Sono passati giorni dal nostro incontro nel sotterraneo, e non ho più visto Piton. Non sono andata a trovarlo in infermieria e le poche volte in cui sono passata da Madama Chips per visitare i feriti meno gravi, quelli che non sono stati trasferiti al San Mungo, Piton dormiva, o fingeva molto bene di farlo.

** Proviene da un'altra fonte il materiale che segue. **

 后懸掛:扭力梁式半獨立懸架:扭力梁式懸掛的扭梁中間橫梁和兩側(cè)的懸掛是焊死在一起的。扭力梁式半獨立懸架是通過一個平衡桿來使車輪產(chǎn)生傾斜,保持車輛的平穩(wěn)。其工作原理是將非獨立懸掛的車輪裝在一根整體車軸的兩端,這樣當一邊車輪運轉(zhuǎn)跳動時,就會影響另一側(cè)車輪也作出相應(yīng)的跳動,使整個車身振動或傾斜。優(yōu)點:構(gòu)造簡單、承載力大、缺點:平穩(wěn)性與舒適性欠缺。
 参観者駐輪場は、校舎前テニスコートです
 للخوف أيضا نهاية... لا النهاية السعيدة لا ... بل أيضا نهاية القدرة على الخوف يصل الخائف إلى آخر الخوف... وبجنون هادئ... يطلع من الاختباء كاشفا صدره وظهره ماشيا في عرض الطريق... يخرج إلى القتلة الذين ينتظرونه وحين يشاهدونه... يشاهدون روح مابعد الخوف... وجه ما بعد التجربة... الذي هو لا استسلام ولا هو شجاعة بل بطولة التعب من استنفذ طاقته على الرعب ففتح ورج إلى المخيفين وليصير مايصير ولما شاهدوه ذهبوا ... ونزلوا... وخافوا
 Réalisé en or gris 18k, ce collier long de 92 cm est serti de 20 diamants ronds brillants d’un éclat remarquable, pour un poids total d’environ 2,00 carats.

Mi sono soffermata a lungo ad osservarlo, perchè mi affascina. Non ero mai riuscita a vederlo come un uomo, l’avevo sempre e solo ritenuto semplicemente un professore. Avevo dato per scontato che non avesse sentimenti, che la sua massima gioia fosse nel torturare gli studenti, mentre adesso mi ritrovo ad avere una visione completamente diversa che mi destabilizza, che ha distrutto le mie certezze e che non posso ignorare. Sono ancora ferma nell’intento di volerlo aiutare, ma non so come.

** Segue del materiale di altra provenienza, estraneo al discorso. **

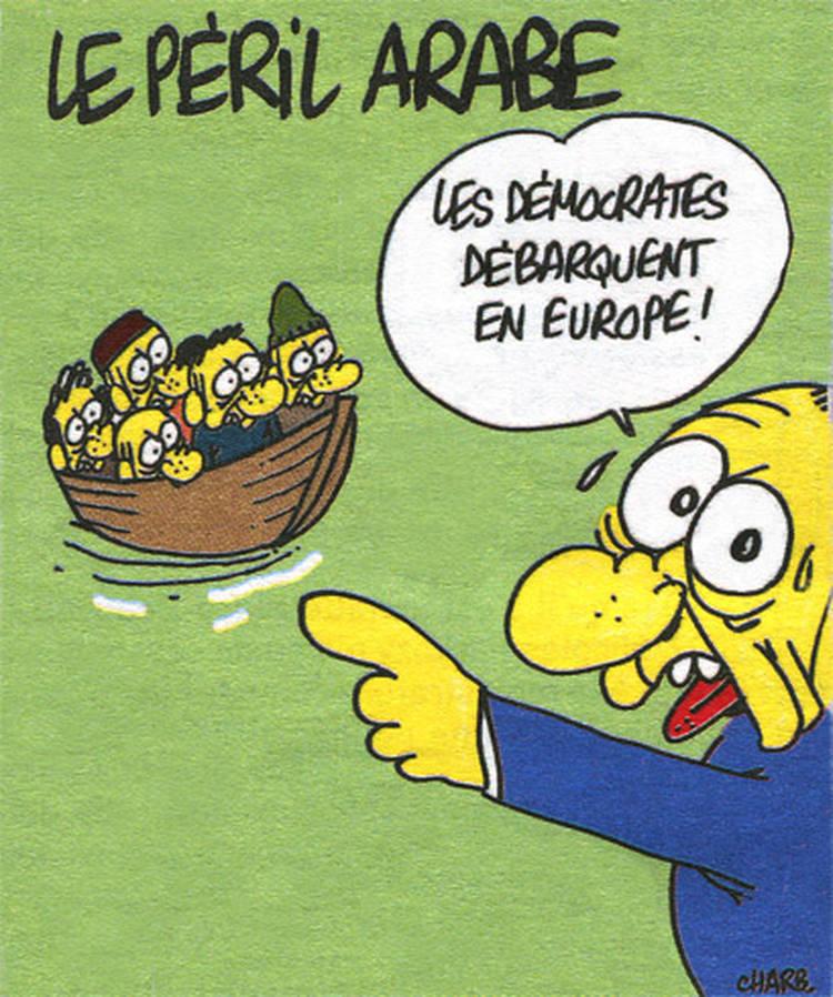 Pero su marca registrada eran los personajes de color amarillo (similar al de los Simpson), pero de ojos saltones. En noviembre de 2011 era el director cuando publicaron la caricatura de Mahoma que después terminó con un ataque a la sede de la revista y un incendio. Charb solía decir que las polémicas caricaturas eran "totalmente halal", una palabra árabe que se usa para mencionar a cosas permitidas por el Islam.

Nel frattempo, Ron è venuto più volte da me, con occhi speranzosi. Non so se volesse parlare di quello che c’è stato tra di noi o se stesse semplicemente sperando di riuscire a pomiciare ancora un po’, ma non gliene ho lasciato il tempo. Ho inventato scuse, sono scappata via dicendomi troppo impegnata nell’aiutare le opere di riscostruzione del castello. Ron ha perso un fratello, voglio che si concentri solo sul suo dolore, deve metabolizzarlo e comprenderlo, e io non voglio interferire in tutto questo.

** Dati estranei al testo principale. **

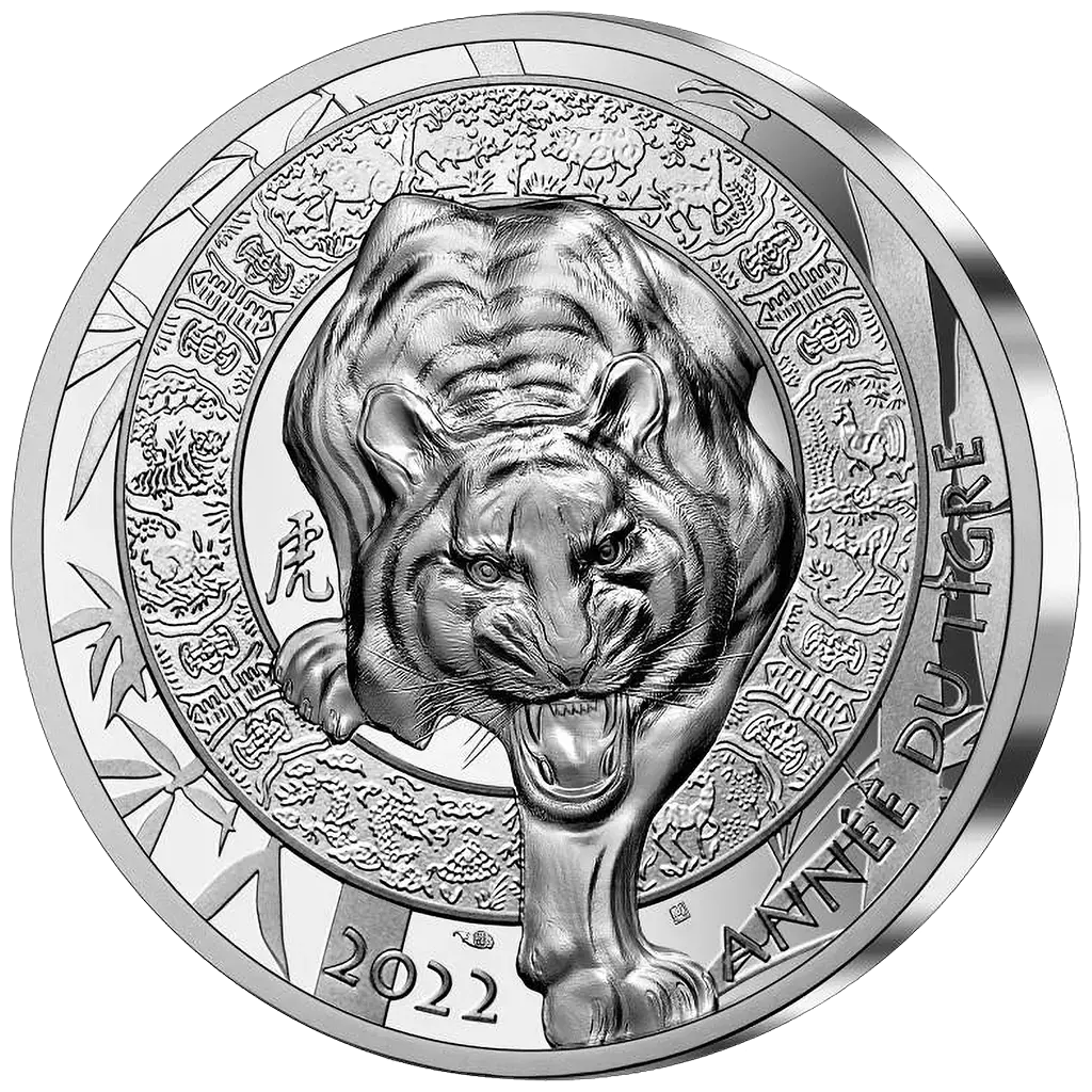 Coniata in qualità Proof in argento puro 0,999 e del peso di 1 oncia, questa moneta da collezione continua la serie del Calendario Cinese emesso dalla Monnaie de Paris. L'emissione del 2022 celebra l'Anno della Tigre, il terzo segno dello zodiaco cinese, tradizionalmente associato al coraggio, alla forza, all'indipendenza e alla leadership. Il rovescio presenta la raffigurazione centrale di una tigre circondata da un anello di motivi tradizionali cinesi. L'animale sembra muoversi all'interno della moneta attraverso il disegno di una porta di un tempio che si collega visivamente al dritto. A sinistra si trova l'ideogramma della tigre, calligrafato dall'artista Xian Ying Hong. L'anno 2022 e l'iscrizione Anno della Tigre appaiono lungo il cerchio esterno. Il dritto presenta tutti i dodici animali dello zodiaco cinese disposti intorno alla porta di un tempio tradizionale cinese. Il valore nominale di 20 euro è posizionato in alto a sinistra, mentre le iniziali RF appaiono sulla porta stessa. La tiratura è limitata a 3.000 pezzi.

L’euforia iniziale ha lasciato spazio solo al dolore, che si esprime nel silenzio. Nessuno sa cosa dire per consolare perdite inconsolabili. Vedo troppe ferite aperte, che non verranno mai sanate, e lacrime cariche di dolore, che tracciano segni profondi nelle anime di chi le versa e di chi si trova costretto a osservarle, ipotente. In tutto questo dolore, però, mi stupisco sempre di scorgere la forza. Vedo persone che piangono negli angoli bui, da sole, ma poi si rialzano, si fanno coraggio e vanno avanti.
E’ questo il grande dono degli uomini. Gli uomini non hanno artigli, non hanno zanne e non hanno veleno, ma posseggono il coraggio di ricominciare, sempre, da capo. Si lasciano alle spalle le lacrime, si sforzano di dimenticare e vanno avanti, ricostruiscono ciò che è stato distrutto, riallacciano sapientemente le fila della propria vita. Le cicatrici rimangono, ne sono consapevoli, ma sono proprio quelle cicatrici a fare di loro ciò che sono. Non dimenticano, ma vanno avanti.
Vorrei che Piton capisse questo, vorrei che avesse il coraggio di non nascondersi dietro una maschera di odio e di rivelarsi per ciò che è. Vorrei che capisse, che accettasse le proprie cicatrici e le rendesse parte dell’uomo che è diventato, senza rinnegarle più. Forse è impossibile, forse sono solo una stupida, ma in questo momento vorrei solo aiutarlo.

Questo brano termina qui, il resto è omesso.